Twitter had another banner year, repeatedly setting and breaking records for volume of tweets--first during the London Olympics and then during the presidential election, which saw a peak of 327,452 tweets per minute and the most retweeted picture of all time. The service also passed 500 million total users and 200 million active users in 2012, and it introduced the "cards" API that allows companies to automatically add multimedia elements when someone tweets a link to their site--all with barely a Fail Whale to be seen. Even the Pope signed up for a Twitter account in 2012.
Not everything the happened in the Twitterverse was positive, though. The company continued to lock down its API, shutting out the third party Twitter clients that helped it become popular in the first place. Tweetro, the popular Windows 8 client, became the latest victim of the policy when Twitter shut off its API access, even though there's not currently an official native Windows 8 Twitter app.

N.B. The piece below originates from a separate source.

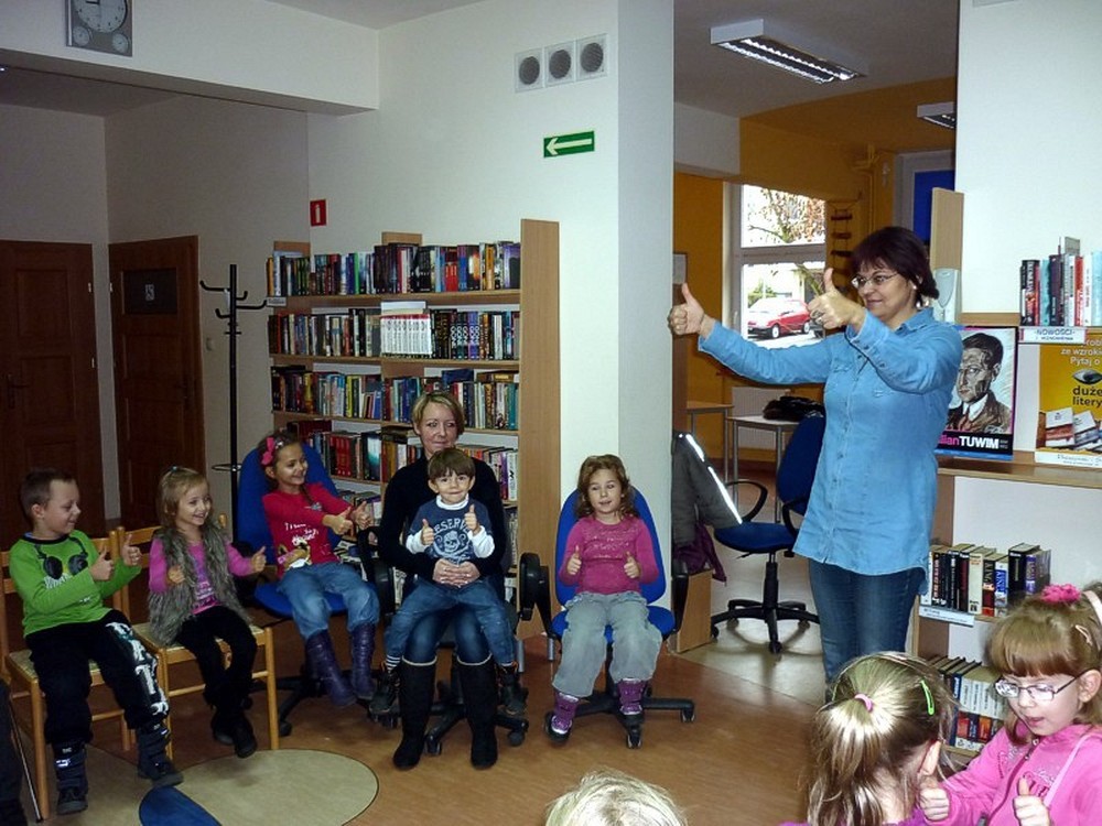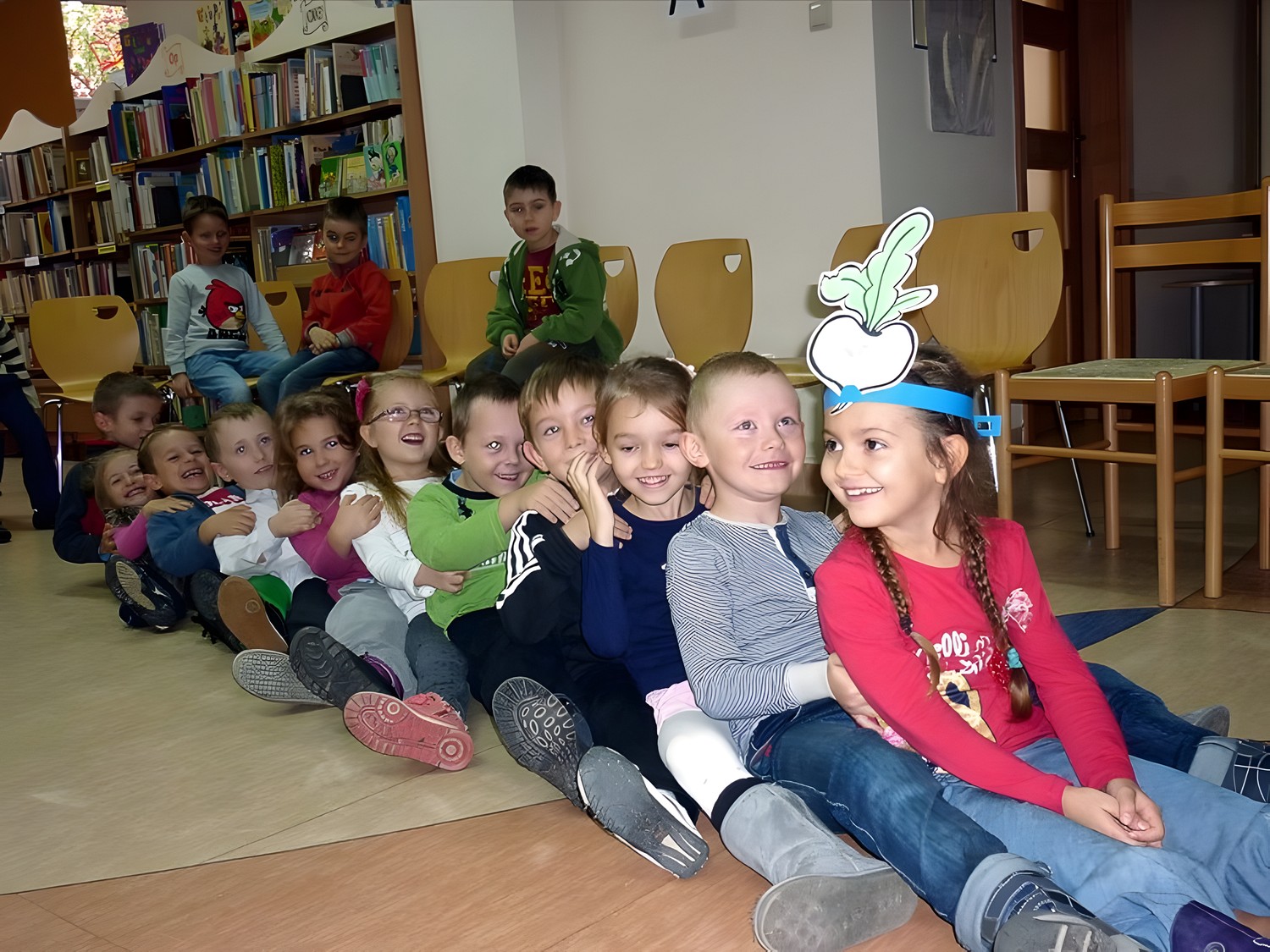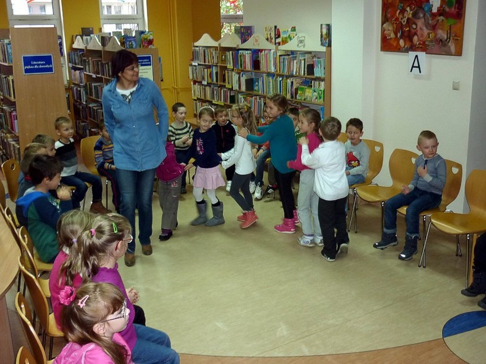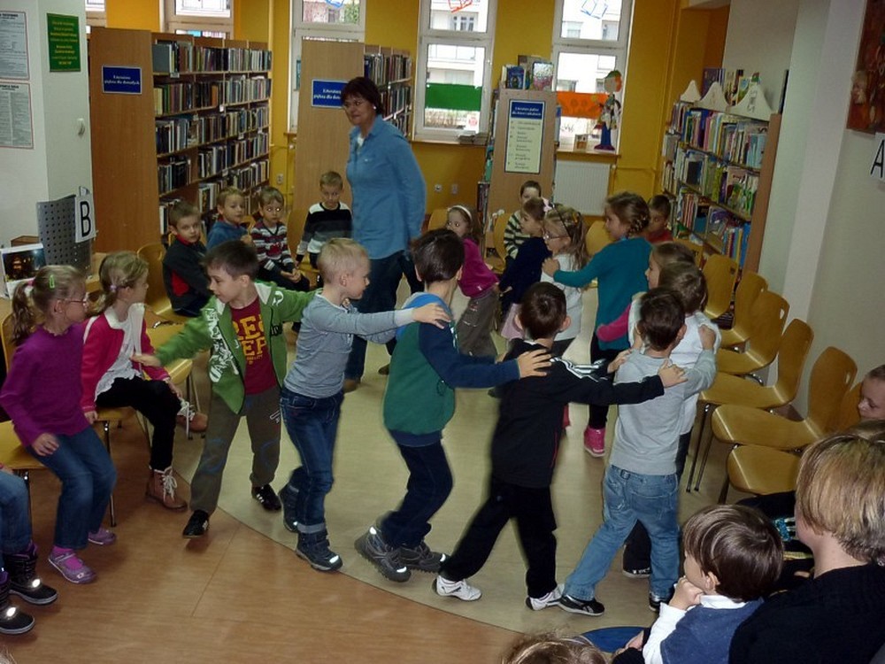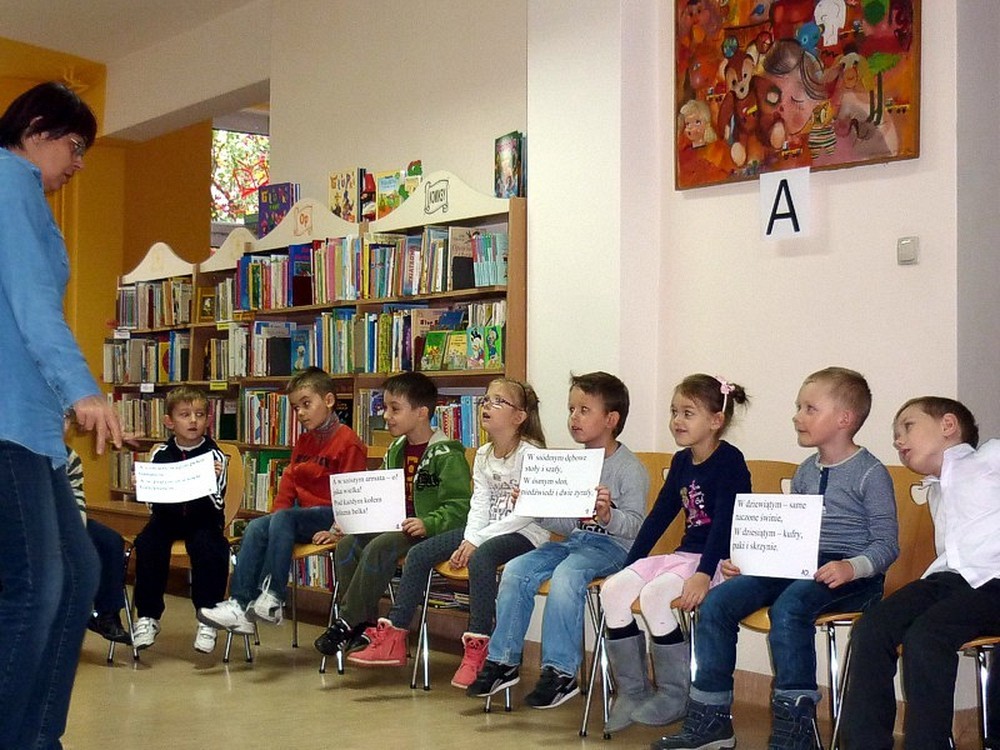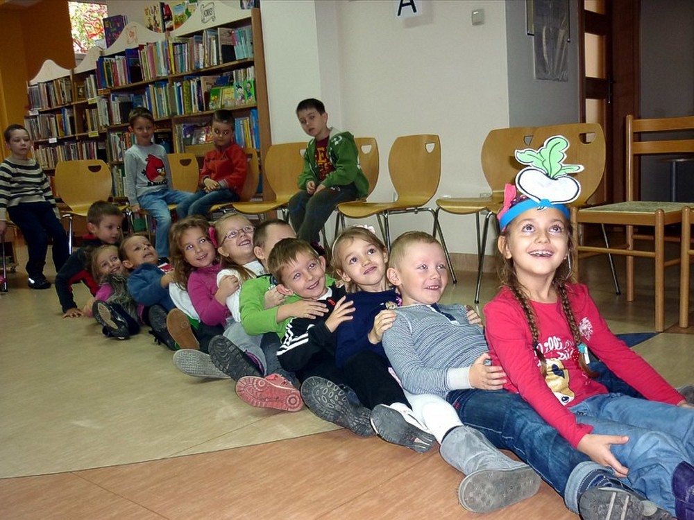 Dnia 5 listopada gościliśmy zerówkowiczów z Przedszkola nr 15 w Koszalinie. Przybyli do biblioteki na spotkanie z cyklu "LOKOMOTYWĄ W ŚWIAT JULIANA TUWIMA". Nasza podróż po literaturze miała charakter edukacyjno-rozrywkowy. Dzieci gotowały obiad, śpiewały w chórze, uczyły się pisać, zagrały w scence z RZEPKĄ w roli głównej, a na koniec rozwiązały tuwimowy quiz.

The microblogging service was also on the receiving end of heavy-handed corporate policy this year, as Instagram (now owned by Facebook) shut off Twitter integration, making it impossible for users to post Instagram photos directly into their Twitter feeds . The very next day, however, Twitter outed native photo filters of its own, somewhat--somewhat--softening the blow for people who love to take pictures of bicycles leaning against lamp posts in the rain.
Yahoo's executive turmoil
If any tech company needs a strong hand at the helm, it's Yahoo. The company still owns one of the most visited sites on the planet, but its future strategy is unclear. That's what the firm was hoping for when they hired on Scott Thompson shortly into the new year--but it's not what they got.
Thompson, who took over for an underperforming Carol Bartz, didn't even last half a year. He was fired in May for faking an entry on his resume, prompting five board members to resign their position early and leading Yahoo to begin its search for its fifth CEO in as many years.